1.1. Данное Положение регулирует условия и порядок публикации (обнародования) авторских материалов на сайте in-ku.com, являющегося информационной площадкой Общественного Объединения Международное Общественное Движение «Интернациональный Дом Творчества».
1.2. Положение разработано администрацией сайта in-ku.com.
1.3. К публикации (обнародованию) на сайте принимаются авторские материалы от любого лица, зарегистрированного на сайте in-ku.com или на форуме in-ku.com.
1.4. Предметом публикации (обнародования) является любой авторский материал, предоставленный  в виде, предназначенном для публикации, а именно: текстовые документы, графические материалы, аудио, видео материалы и т.д.

*II. Общие требования 
к содержанию авторских материалов и их оформлению*

2.1. К каждому авторскому материалу прилагается анкета. В анкете размещаются сведения об авторе - фамилия, имя, отчество, место жительства, место работы и занимаемая должность, название работы, дата(год) создания.
2.2. Ниже размещаются описание работы, тип и вид материала.
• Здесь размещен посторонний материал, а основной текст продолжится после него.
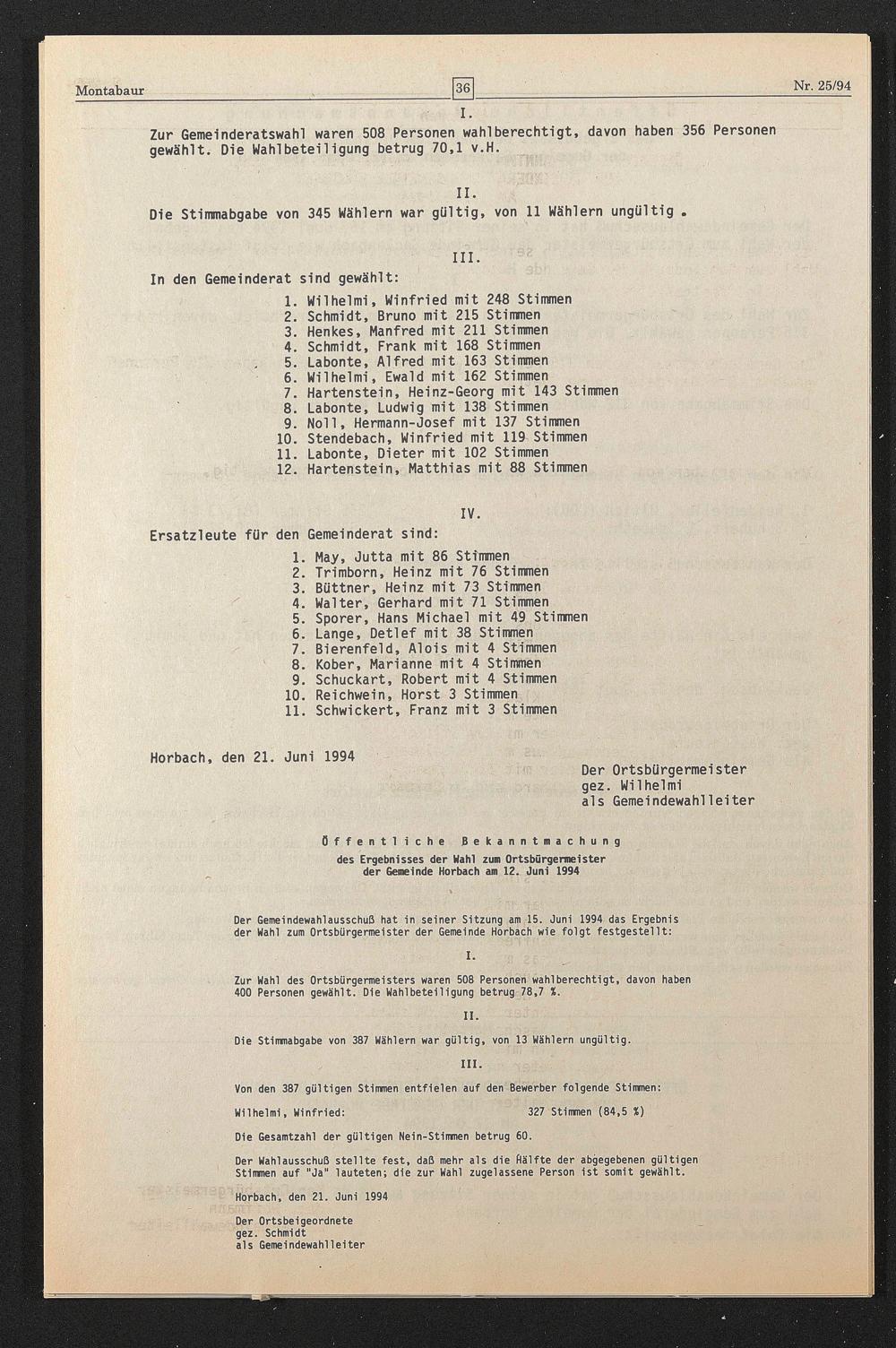 des Ergebnisses der Wahl zum Ortsbürgermeister der Gemeinde Horbach am 12. Juni 1994

Для методических материалов обязательно указываются тип работы, предмет, класс, цели и задачи, направления, область применения.
2.3. Если данный авторский материал был ранее опубликован, то следом желательно указать данные о публикации или адрес сайта (ссылку).
2.4. Если данный авторский материал ранее нигде не был опубликован – следует указать, что данный авторский материал публикуется впервые.
2.5. Если при создании авторского материала были использованы какие-либо источники – в этом случае в конце авторского материала также необходимо указать используемую литературу и другие источники.
2.6. Запрещается публиковать (обнародовать) и размещать любые материалы, не совместимые с нормами морали и права, унижающие человеческое достоинство, провоцирующие межнациональную, межрелигиозную рознь, клеветнические, оскорбительные, декларирующие чью-либо «исключительность», содержащие порнографию, ненормативную лексику, призывы к насилию, распространению наркотиков, использованию оружия.
2.6.1. В случае, если на опубликованный материал в адрес администрации сайта in-ku.com будет направлена претензия о наличии в указанном материале недопустимого содержания, материал будет дополнительно проинспектирован и, при обнаружении указанных фактов, удален, а ранее выданное Свидетельство о публикации указанного материала будет аннулировано.
2.7. Запрещается публиковать материалы, содержащие необоснованные негативные отзывы к авторам иных опубликованных материалов и к самим авторским материалам, опубликованным на сайте in-ku.com.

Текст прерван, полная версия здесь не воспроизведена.